◆ WHAT YOU SHOULD DO: Retype word for word the stretch of entries below from the line that has "भम्क नेपाल अध्यक्ष" through the line that has "Recuerda los adversarios", and omit the pictures.

*** DATASET Section Begins ***

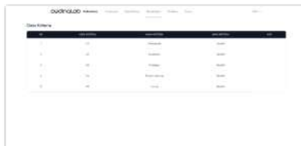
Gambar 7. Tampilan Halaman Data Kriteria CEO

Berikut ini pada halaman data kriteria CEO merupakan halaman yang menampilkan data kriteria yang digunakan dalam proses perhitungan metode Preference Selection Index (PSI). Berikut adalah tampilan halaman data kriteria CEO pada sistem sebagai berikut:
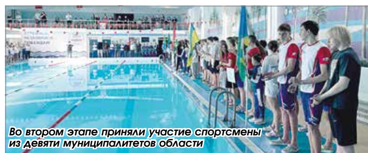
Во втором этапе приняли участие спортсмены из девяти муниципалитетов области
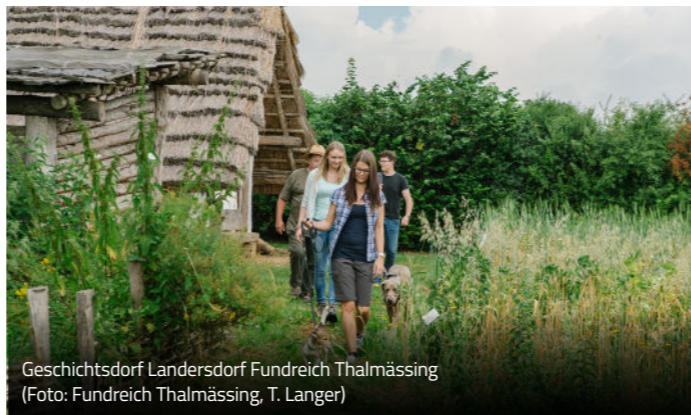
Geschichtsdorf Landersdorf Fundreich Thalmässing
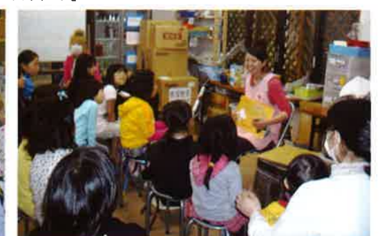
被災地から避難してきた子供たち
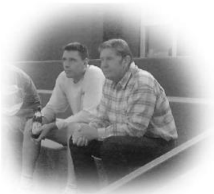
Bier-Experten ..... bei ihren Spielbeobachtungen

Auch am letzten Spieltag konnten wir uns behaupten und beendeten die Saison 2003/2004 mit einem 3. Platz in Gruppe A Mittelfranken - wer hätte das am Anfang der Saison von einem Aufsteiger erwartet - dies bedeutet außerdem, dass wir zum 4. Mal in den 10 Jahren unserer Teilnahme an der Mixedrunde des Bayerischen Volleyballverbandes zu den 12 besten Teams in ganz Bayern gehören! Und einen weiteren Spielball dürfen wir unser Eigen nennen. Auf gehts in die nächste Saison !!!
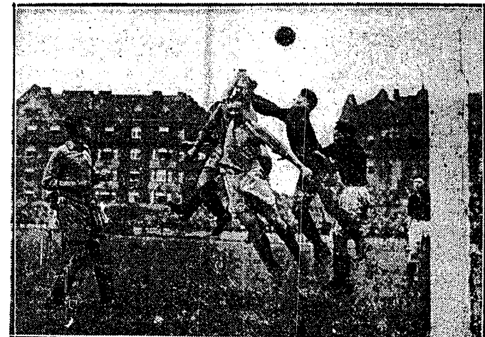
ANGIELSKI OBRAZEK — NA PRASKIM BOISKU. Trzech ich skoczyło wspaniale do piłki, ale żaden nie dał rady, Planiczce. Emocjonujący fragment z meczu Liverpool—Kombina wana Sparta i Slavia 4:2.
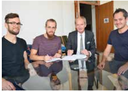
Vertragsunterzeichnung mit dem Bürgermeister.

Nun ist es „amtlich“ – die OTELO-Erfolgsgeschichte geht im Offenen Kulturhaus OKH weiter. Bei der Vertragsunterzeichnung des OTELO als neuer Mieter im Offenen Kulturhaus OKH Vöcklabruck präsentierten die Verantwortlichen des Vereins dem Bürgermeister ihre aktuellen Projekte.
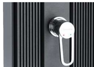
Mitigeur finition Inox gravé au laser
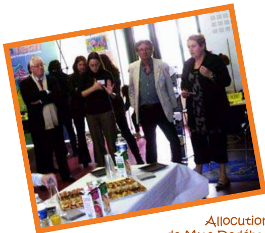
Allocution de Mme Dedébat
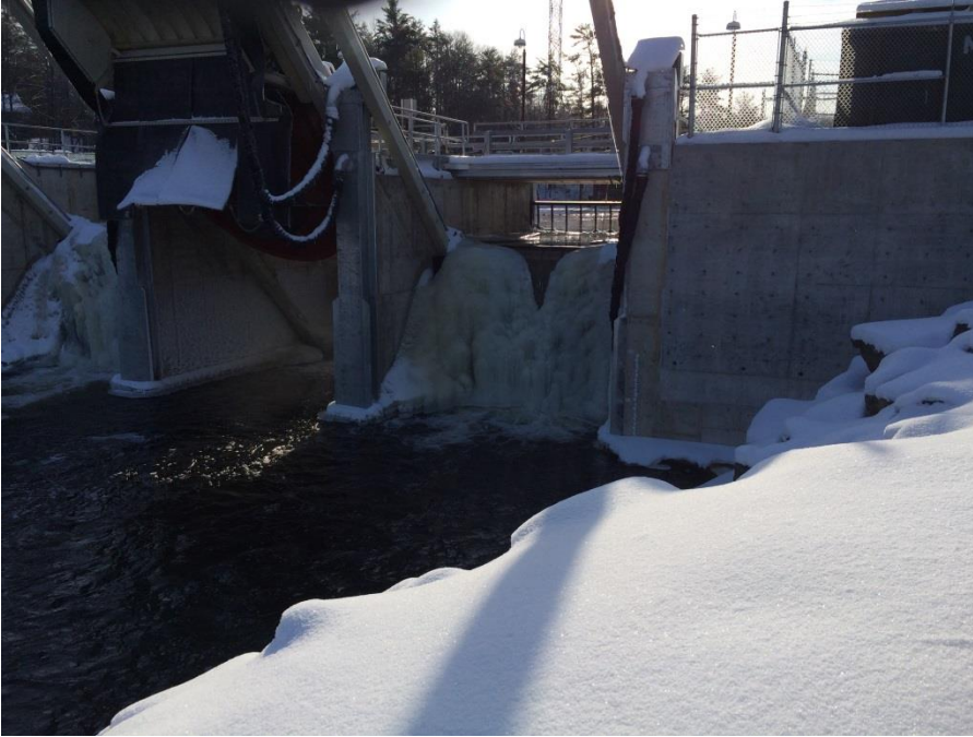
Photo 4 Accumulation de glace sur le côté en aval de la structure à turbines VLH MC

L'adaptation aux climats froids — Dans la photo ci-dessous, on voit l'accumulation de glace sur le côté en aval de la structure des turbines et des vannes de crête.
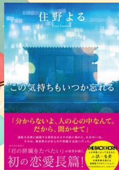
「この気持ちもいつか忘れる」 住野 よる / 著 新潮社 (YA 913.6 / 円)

*** DATASET Section Ends ***
*** DATASET Section Begins ***

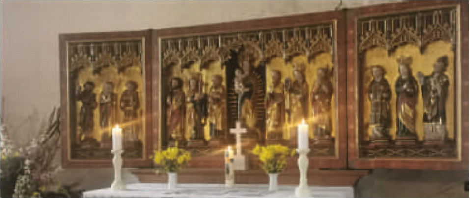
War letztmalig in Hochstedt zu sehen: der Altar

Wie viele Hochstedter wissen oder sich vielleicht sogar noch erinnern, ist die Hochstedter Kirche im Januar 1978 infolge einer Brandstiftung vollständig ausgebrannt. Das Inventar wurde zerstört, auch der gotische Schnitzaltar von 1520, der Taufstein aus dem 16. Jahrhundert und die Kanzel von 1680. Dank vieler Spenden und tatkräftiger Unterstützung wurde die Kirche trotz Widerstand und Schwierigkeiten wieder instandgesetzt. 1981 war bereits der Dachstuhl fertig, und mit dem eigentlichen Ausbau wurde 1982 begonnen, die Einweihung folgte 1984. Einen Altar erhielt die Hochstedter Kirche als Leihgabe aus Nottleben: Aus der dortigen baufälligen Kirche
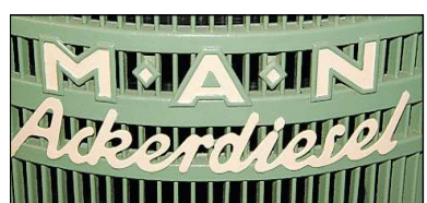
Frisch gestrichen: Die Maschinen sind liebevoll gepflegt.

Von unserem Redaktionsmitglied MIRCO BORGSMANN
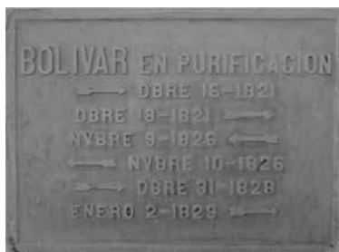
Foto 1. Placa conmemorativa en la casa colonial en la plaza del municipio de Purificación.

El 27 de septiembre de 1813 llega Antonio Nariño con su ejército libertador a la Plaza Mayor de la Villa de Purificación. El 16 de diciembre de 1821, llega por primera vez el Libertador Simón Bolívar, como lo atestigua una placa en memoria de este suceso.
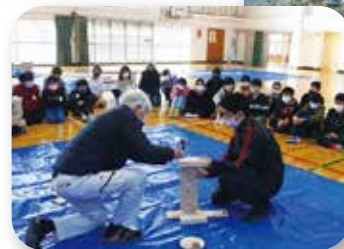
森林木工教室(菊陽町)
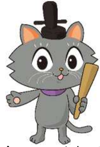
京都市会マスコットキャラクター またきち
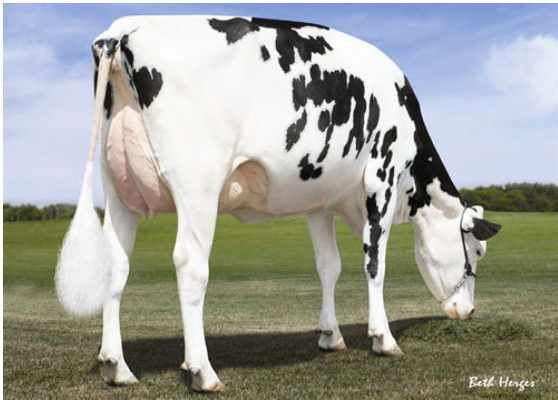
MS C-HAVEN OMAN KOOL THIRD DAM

*** DATASET Section Ends ***
*** DATASET Section Begins ***

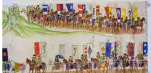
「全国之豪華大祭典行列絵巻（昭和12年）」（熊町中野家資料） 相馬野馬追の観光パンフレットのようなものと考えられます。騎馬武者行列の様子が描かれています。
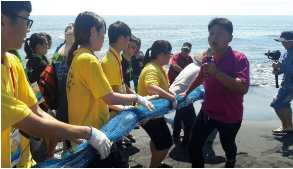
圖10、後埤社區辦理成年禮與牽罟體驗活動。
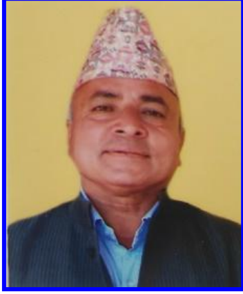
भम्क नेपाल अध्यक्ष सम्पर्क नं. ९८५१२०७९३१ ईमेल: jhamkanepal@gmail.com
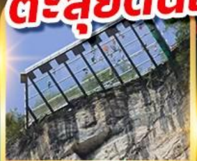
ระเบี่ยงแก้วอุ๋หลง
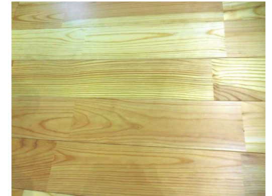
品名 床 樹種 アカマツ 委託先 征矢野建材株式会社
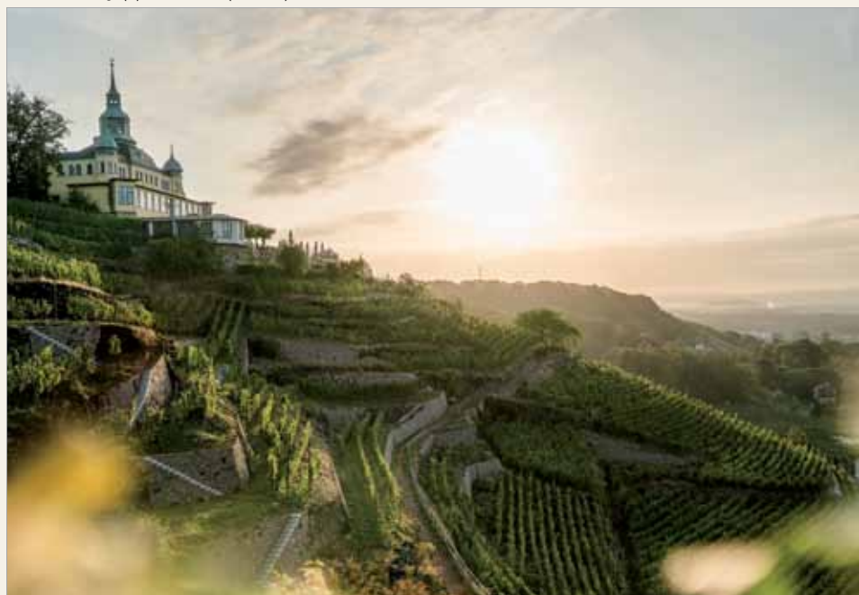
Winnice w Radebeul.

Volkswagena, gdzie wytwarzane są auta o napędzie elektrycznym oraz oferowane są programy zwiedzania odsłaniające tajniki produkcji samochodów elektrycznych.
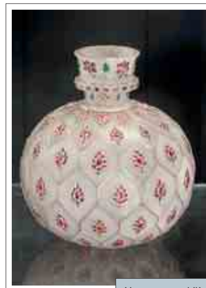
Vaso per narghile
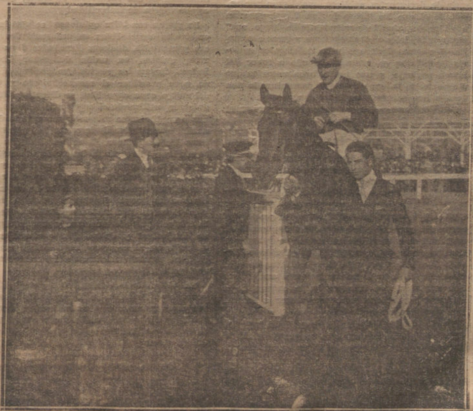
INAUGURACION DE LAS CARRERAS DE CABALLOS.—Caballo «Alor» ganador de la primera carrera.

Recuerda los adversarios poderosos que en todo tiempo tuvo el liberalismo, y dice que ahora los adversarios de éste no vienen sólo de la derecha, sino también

*** DATASET Section Ends ***

◆ EXERCISE ANSWER:
भम्क नेपाल अध्यक्ष सम्पर्क नं. ९८५१२०७९३१ ईमेल: jhamkanepal@gmail.com
ระเบี่ยงแก้วอุ๋หลง
品名 床 樹種 アカマツ 委託先 征矢野建材株式会社
Winnice w Radebeul.

Volkswagena, gdzie wytwarzane są auta o napędzie elektrycznym oraz oferowane są programy zwiedzania odsłaniające tajniki produkcji samochodów elektrycznych.
Vaso per narghile
INAUGURACION DE LAS CARRERAS DE CABALLOS.—Caballo «Alor» ganador de la primera carrera.

Recuerda los adversarios poderosos que en todo tiempo tuvo el liberalismo, y dice que ahora los adversarios de éste no vienen sólo de la derecha, sino también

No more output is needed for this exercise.